Emergency Plans: What Your People Don’t Know Can Hurt Them, and the Company

Man in printing house showing client printed documents

When you hold a safety meeting, you’re providing information that will help your people make the right choices—the safe choices—that will save lives, time, and money. But how do you find out what your people don’t know? Here, we’re talking about the unknown unknowns—the hazards, risks, procedures, emergency plans, etc. that your people should know about, but might not. These unknowns are hard to identify, but they can show up without warning, and sometimes they’re hidden by the “big picture.” Take action to identify the hazards that your people don’t know that they don’t know.

Actively check your job sites for brand-new hazards.

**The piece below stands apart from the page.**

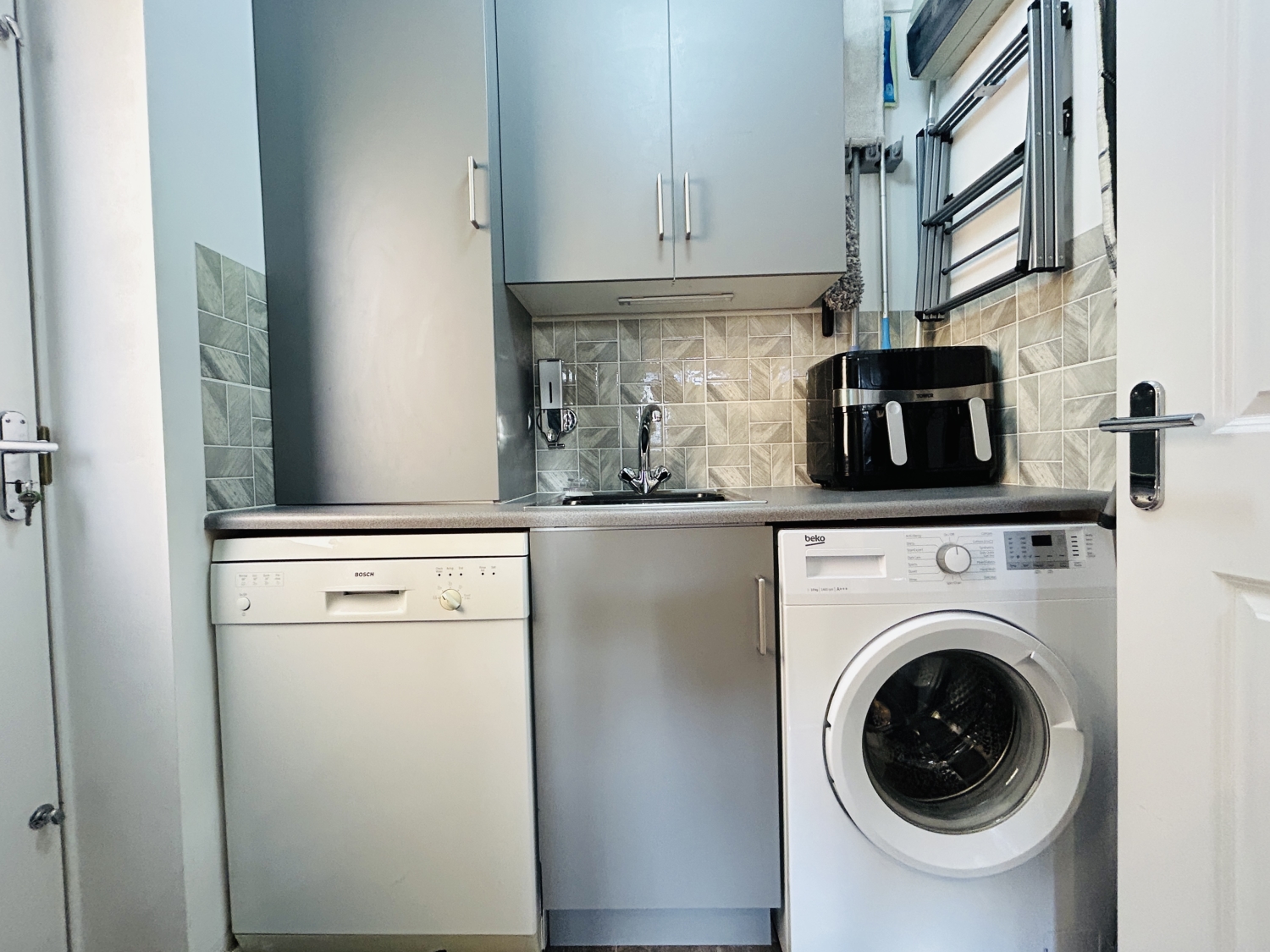 A separate utility room adds convenience, providing additional storage, worktop space, and plumbing for a dishwasher and washing machine, along with a sink unit and a concealed modern gas combi boiler. A side door gives access to the exterior and a paved bin storage area.

On an ever-evolving job site, new hazards could include chemicals, equipment, location or geography hazards, or risks created by other contractors. When you find these (previously unknown) hazards, explain how to control them to your crew.

Train on safety whenever you can.

Talking about safety with your people will provide two benefits. Over time, your people will realize that you really value and care about safety. They’ll be more likely to follow safety rules and work safely when they know safety is a company value. You’ll have more opportunities to identify the unknowns, especially when you’re talking with someone one-on-one.

What about common sense?

You can’t rely on common sense to keep your people safe. The safety knowledge some people call common sense is only "common" to those who have the same backgrounds, experiences, and values. Construction sites have lots of people from very different backgrounds. What’s common safety knowledge to you may have never occurred to someone else. To make matters worse, safety ideas that are common can become routine, ordinary, and almost invisible. Common ideas fade into the background and, since we aren’t paying attention to them, those ideas lose their power to motivate us to act. So, call attention to the common hazards like the slippery, wet floor, but be careful not to become a broken record. Stay fresh. Bring up a different "common-sense" situation each day or each week. Inspire your crew to be mindful of everything they do—even the common stuff—and they’ll be more likely to notice the common hazards and prevent the common accidents.

By definition, it’s impossible to know all of the unknown unknowns, but identifying some of them reduces the likelihood that someone on your crew or on your site gets injured.